For intuition, we can plot:
- The actual direction (up/down) of the market
- The neural network's predicted direction

This helps illustrate when the model is in sync with the market and when it is not.


In [None]:
results = pd.DataFrame(index=X_test.index)
results["Actual_Up"] = y_test
results["Predicted_Up_MLP"] = y_pred_mlp

# Convert 0/1 to -1/1 for visualization (down = -1, up = 1)
results["Actual_Signal"] = results["Actual_Up"].replace({0: -1, 1: 1})
results["Pred_Signal"] = results["Predicted_Up_MLP"].replace({0: -1, 1: 1})

plt.figure()
plt.plot(results.index, results["Actual_Signal"], label="Actual up/down")
plt.plot(results.index, results["Pred_Signal"], label="Predicted up/down (MLP)", alpha=0.7)
plt.title("Actual vs Predicted Direction (MLP)")
plt.yticks([-1, 1], ["Down or flat", "Up"])
plt.xlabel("Date")
plt.legend()
plt.show()


## 9. From prediction to a (very naive) trading strategy

If we wanted to turn predictions into a simple **strategy**, we could say:

- If the model predicts **up** → go **long** (buy).
- If the model predicts **down** → go **flat** (hold cash).
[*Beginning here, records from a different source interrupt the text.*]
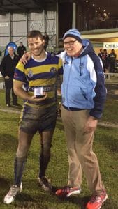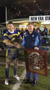 Man of the match Rhys Walpole acknowledged by NSWPRL Patron
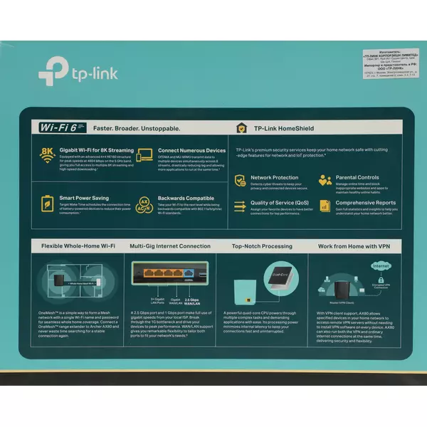 | Особенности портов | • Порт WAN/LAN 2,5 Гбит/с• Гигабитный порт WAN/LAN• Гигабитный порт LAN (3 шт.) |
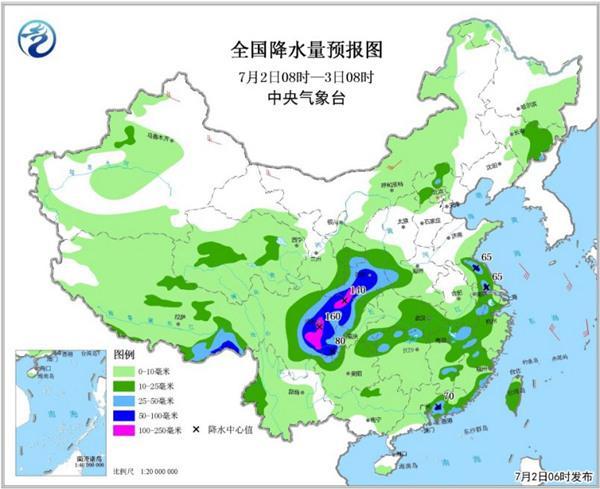 预计今(2日)明天,强降雨将集中在四川盆地、西北地区东部等地,四川、陕西、河南等省区有暴雨,局地大暴雨。前期川陕甘交接降雨已明显偏多,需要特别警惕中小河流洪水和地质灾害的发生。气温方面,本周初华北高温短暂缓解;南方高温也是先抑后扬,江南一带将迎来持续晴热天气。

We can simulate the cumulative return of this naive strategy and compare it to
just "buy and hold" SPY (this is still just a toy example).


In [None]:
# Use the test period's actual returns
test_returns = data_ml.loc[X_test.index, "Return_1d"]

# Strategy: if Predicted_Up_MLP == 1, we take the daily return; else, return 0
strategy_returns = test_returns * results["Predicted_Up_MLP"]
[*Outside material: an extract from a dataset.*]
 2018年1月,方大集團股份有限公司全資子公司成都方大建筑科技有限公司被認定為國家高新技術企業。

# Buy & hold benchmark: always invested
buy_hold_returns = test_returns

# Compute cumulative returns
cum_strategy = (1 + strategy_returns).cumprod()
cum_buy_hold = (1 + buy_hold_returns).cumprod()

plt.figure()
plt.plot(cum_strategy.index, cum_strategy, label="Strategy (MLP signals)")
plt.plot(cum_buy_hold.index, cum_buy_hold, label="Buy & Hold SPY")
plt.title("Toy Backtest: Strategy vs Buy & Hold (Test Period)")
plt.xlabel("Date")
plt.ylabel("Cumulative Return (normalized)")
plt.legend()
plt.show()


## 10. Interpretation & limitations

### What did the AI models do?

- They **did not** magically "understand" the market.
- They saw **historical patterns** in numerical features:
  - Recent returns
  - Moving averages
  - Distance from moving averages
- Based on these patterns, they learned to estimate the probability that
  **tomorrow's price** would be higher than **today's**.
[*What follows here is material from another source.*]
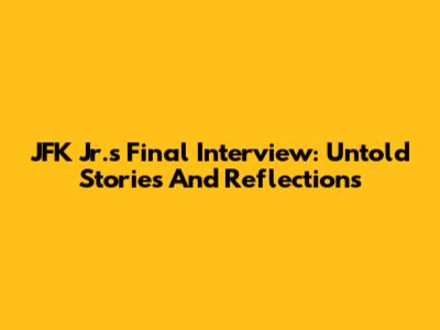 JFK Jr.'s Final Interview: Untold Stories And Reflections

### Why this is *not* a real trading bot

- We used a **tiny dataset** and very few features.
- We ignored:
  - Transaction costs and slippage
  - Risk management (position sizing, stop losses)
  - Market regimes (volatile vs calm periods)
  - Robust backtesting techniques (walk-forward, cross-validation in time, etc.)
- Real trading systems require **much more careful design, validation, and risk control**.

### Educational takeaway

This notebook shows how AI / ML:
- Takes **raw data** (prices) → transforms it into **features**.
- Defines a **prediction target** based on future outcomes.
- Trains different **models** (linear, tree-based, neural network) to detect patterns.
- Evaluates performance on **unseen data** to estimate how useful those patterns might be.

In your AI presentation/workshop, you can now:
- Walk through each block and explain the concept at a high level.
- Emphasize that the goal is **learning patterns from data**, not hand-coding rules.
- Highlight both the **power** and the **limitations** of AI in real-world domains like trading.